The price and value of securities can go down as well as up and investors may
not get back the full amount invested upon the disposal of the shares. Past
performance is not a guide to future performance. The contents of this
Announcement are not to be construed as legal, business, financial or tax
advice. Each investor or prospective investor should consult his or her or its
own legal adviser, business adviser, financial adviser or tax adviser for
legal, business, financial or tax advice.
Any indication in this Announcement of the price at which the Company's shares
have been bought or sold in the past cannot be relied upon as a guide to
future performance. Persons needing advice should consult an independent
financial adviser. No statement in this Announcement is intended to be a
profit forecast or profit estimate for any period and no statement in this
Announcement should be interpreted to mean that earnings, earnings per share
or income, cash flow from operations or free cash flow for the Company for the
current or future financial periods would necessarily match or exceed the
historical published earnings, earnings per share or income, cash flow from
operations or free cash flow for the Company.

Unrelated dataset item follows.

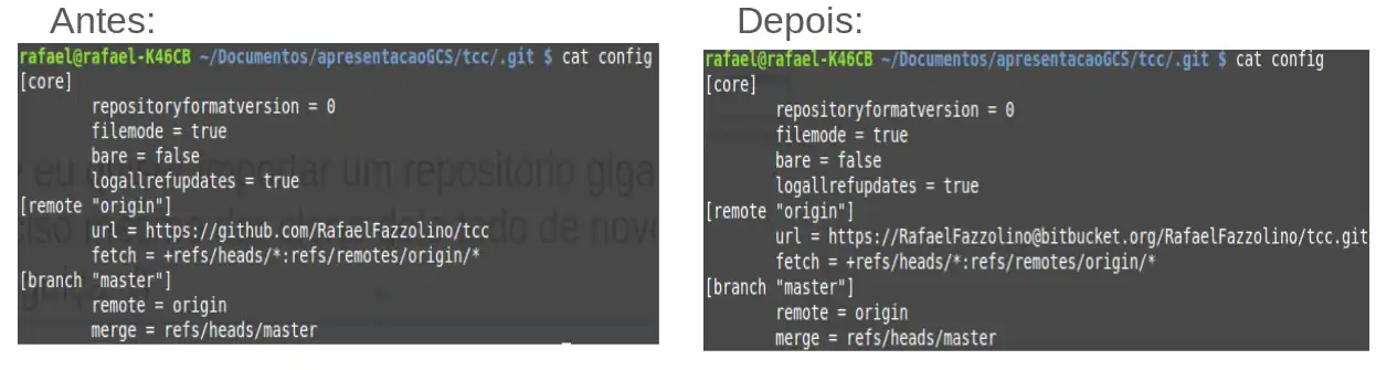 Feito isso, seu repositório já estará presente no servidor do Bitbucket. Para facilitar a importação de repositórios com grande volume de dados, o usuário pode optar por modificar o arquivo config presente na pasta .git de seu repositório local, modificando a url do GitHub para a url do repositório do Bitbucket. Esta modificação faz com que o usuário não precise clonar todo o repositório novamente, utilizando o mesmo repositório local já utilizado. Um exemplo desta modificação no arquivo config pode ser visto na imagem a seguir.

The Equity Fundraise Shares and the Glencore Subscription Shares to be issued
pursuant to the Proposed Funding Package will not be admitted to trading on
any stock exchange other than AIM and the TSX. The Equity Fundraise Shares
will, when issued in accordance with the rules of the TSX, form part of the
Ordinary Shares of the Company currently listed for trading on the TSX.
Neither the content of the Company's website (or any other website) nor the
content of any website accessible from hyperlinks on the Company's website (or
any other website) is incorporated into, or forms part of, this Announcement.
This Announcement has been prepared for the purposes of complying with
applicable law and regulation in the United Kingdom and the information
disclosed may not be the same as that which would have been disclosed if this
Announcement had been prepared in accordance with the laws and regulations of
any jurisdiction outside the United Kingdom.